Input records:
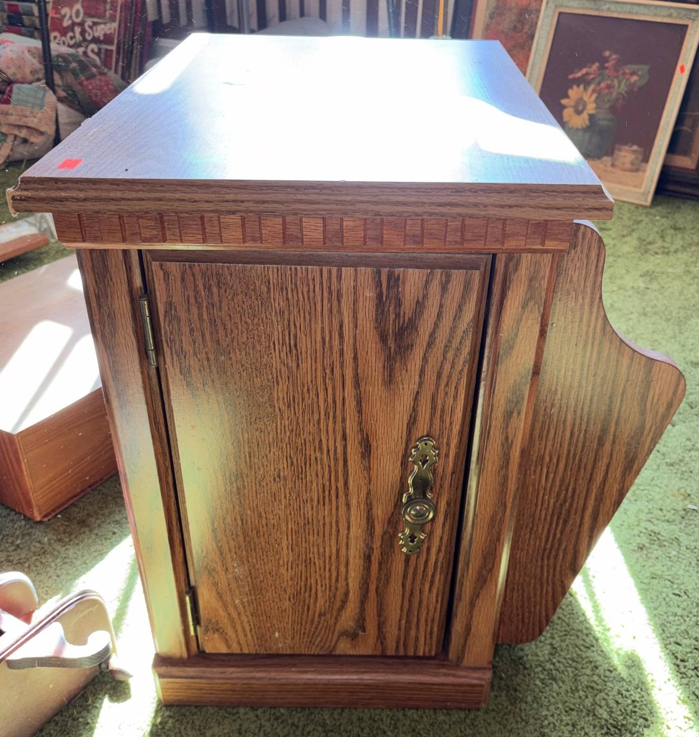 153 Wood Trinket Cabinet with Glass Door and Ornamental Top, Made in Taiwan, 14”x5”x17”
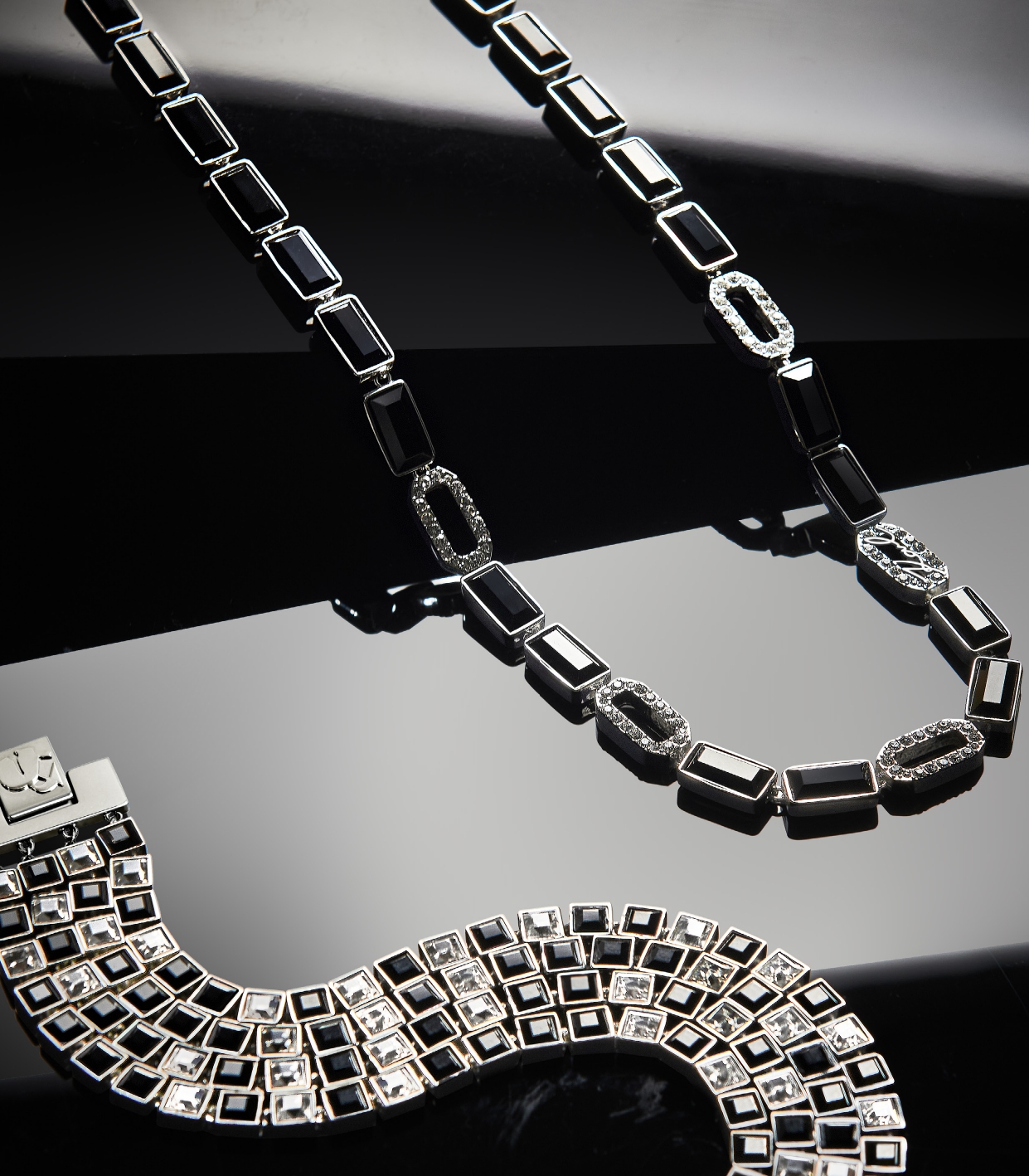 Ювелирные коллекции отражают неповторимый стиль самого Карла Лагерфельда. Колье и браслеты выполнены из множества переплетающихся цепочек, украшенных подвесками в виде его культовых аксессуаров: кожаных перчаток без пальцев, изящных вееров и черных солнцезащитных очков. Особую личную ноту вносят подвески в форме сердца. Главные хиты сезона — классические колье и браслеты в стиле tennis, обновленные каскадами прозрачных кристаллов и глубоких черных оттенков. Все изделия украшены кристаллами и фирменным знаком Karl.
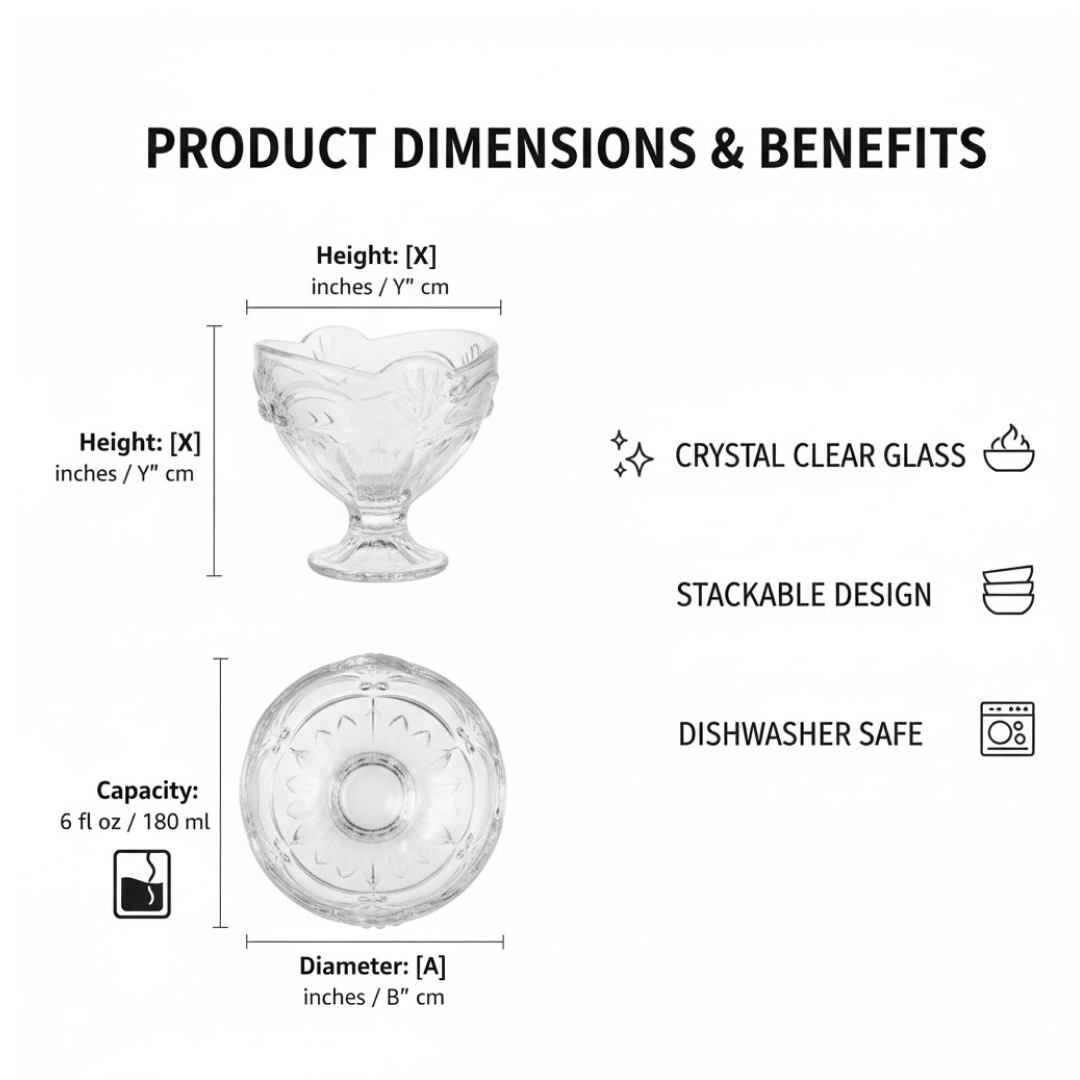 Glass Ice-Cream Cup Set, Home & Kitchen Serving or Dessert Cup for Sundae, Sweets, Snacks, Fruit, Pudding, Nuts or Dip, Serving Bowls, Pure Glass (6 Pcs Set)
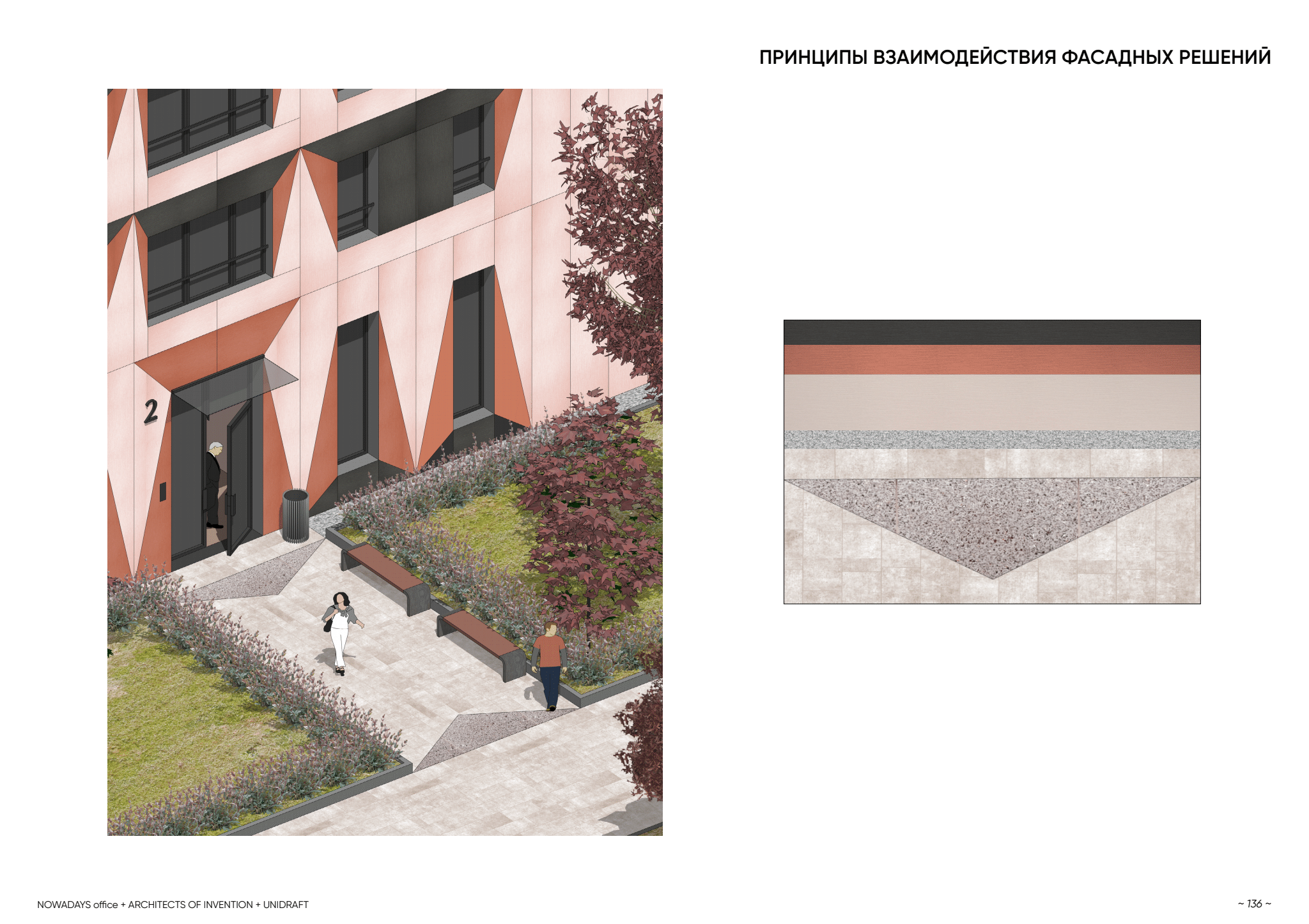 ჩვენ შევისწავლეთ კონკრეტული რაიონების ხასიათი, როგორი ტიპოლოგიური შენობები იყო გამოკვეთილი და ამის მიხედვით დავიწყეთ არქიტექტურული ფორმების ძებნა. რაც შეეხება შთაგონებას, ეს ბაუჰაუსის სკოლა, მალევიჩის მხატვრობა და 20-იანი წლების რუსული სკოლა ვხუტემასი გახლავთ,  ეს უკანასკნელი ტოტალური დიზაინის შექმნას გულისხმობს (სამყაროების შექმნა დიზაინის საშუალებით) – სახლიდან დაწყებული, სახელურის დიზაინით დამთავრებული. რაც შეეხება მიმდინარეობას, მაგალითისთვის ავიღეთ არქეტიპული გეომეტრიული ფორმები – წრე, კვადრატი, მართკუთხედი და ამ ფორმების საშუალებით შევქმენით ფასადის დიზაინი.
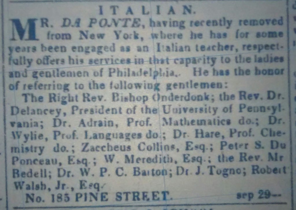 “Lorenzo L Da Ponte” Philadelphia “study of Italian” education “William H. Delancey” “Zaccheus Collins” “Peter S. Du Ponceau” “W.P.C. Barton” education “185 Pine St”

Requirement: Except for the pictures, set down all of the records exactly.

Response area:
 153 Wood Trinket Cabinet with Glass Door and Ornamental Top, Made in Taiwan, 14”x5”x17”
 Ювелирные коллекции отражают неповторимый стиль самого Карла Лагерфельда. Колье и браслеты выполнены из множества переплетающихся цепочек, украшенных подвесками в виде его культовых аксессуаров: кожаных перчаток без пальцев, изящных вееров и черных солнцезащитных очков. Особую личную ноту вносят подвески в форме сердца. Главные хиты сезона — классические колье и браслеты в стиле tennis, обновленные каскадами прозрачных кристаллов и глубоких черных оттенков. Все изделия украшены кристаллами и фирменным знаком Karl.
 Glass Ice-Cream Cup Set, Home & Kitchen Serving or Dessert Cup for Sundae, Sweets, Snacks, Fruit, Pudding, Nuts or Dip, Serving Bowls, Pure Glass (6 Pcs Set)
 ჩვენ შევისწავლეთ კონკრეტული რაიონების ხასიათი, როგორი ტიპოლოგიური შენობები იყო გამოკვეთილი და ამის მიხედვით დავიწყეთ არქიტექტურული ფორმების ძებნა. რაც შეეხება შთაგონებას, ეს ბაუჰაუსის სკოლა, მალევიჩის მხატვრობა და 20-იანი წლების რუსული სკოლა ვხუტემასი გახლავთ,  ეს უკანასკნელი ტოტალური დიზაინის შექმნას გულისხმობს (სამყაროების შექმნა დიზაინის საშუალებით) – სახლიდან დაწყებული, სახელურის დიზაინით დამთავრებული. რაც შეეხება მიმდინარეობას, მაგალითისთვის ავიღეთ არქეტიპული გეომეტრიული ფორმები – წრე, კვადრატი, მართკუთხედი და ამ ფორმების საშუალებით შევქმენით ფასადის დიზაინი.
 “Lorenzo L Da Ponte” Philadelphia “study of Italian” education “William H. Delancey” “Zaccheus Collins” “Peter S. Du Ponceau” “W.P.C. Barton” education “185 Pine St”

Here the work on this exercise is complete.